- _PROBLEM TO SOLVE_: In the records below, find the line with "Assistez à l'Amsterdam" and the line with "Indulge in a"; return exactly those lines and every line between them.

- _EXERCISE INPUTS_:
■ ■ ■ ■ ■ ■ ■

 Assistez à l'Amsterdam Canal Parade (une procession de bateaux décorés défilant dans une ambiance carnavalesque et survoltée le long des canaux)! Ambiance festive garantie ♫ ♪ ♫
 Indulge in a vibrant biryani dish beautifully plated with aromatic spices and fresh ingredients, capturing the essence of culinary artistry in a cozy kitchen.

■ ■ ■ ■ ■ ■ ■

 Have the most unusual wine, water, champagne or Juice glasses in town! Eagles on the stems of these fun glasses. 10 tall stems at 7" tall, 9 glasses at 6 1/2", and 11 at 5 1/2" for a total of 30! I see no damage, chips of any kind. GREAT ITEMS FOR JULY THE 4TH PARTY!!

■ ■ ■ ■ ■ ■ ■

- _RESULT FOR THIS EXERCISE_:
 Assistez à l'Amsterdam Canal Parade (une procession de bateaux décorés défilant dans une ambiance carnavalesque et survoltée le long des canaux)! Ambiance festive garantie ♫ ♪ ♫
 Indulge in a vibrant biryani dish beautifully plated with aromatic spices and fresh ingredients, capturing the essence of culinary artistry in a cozy kitchen.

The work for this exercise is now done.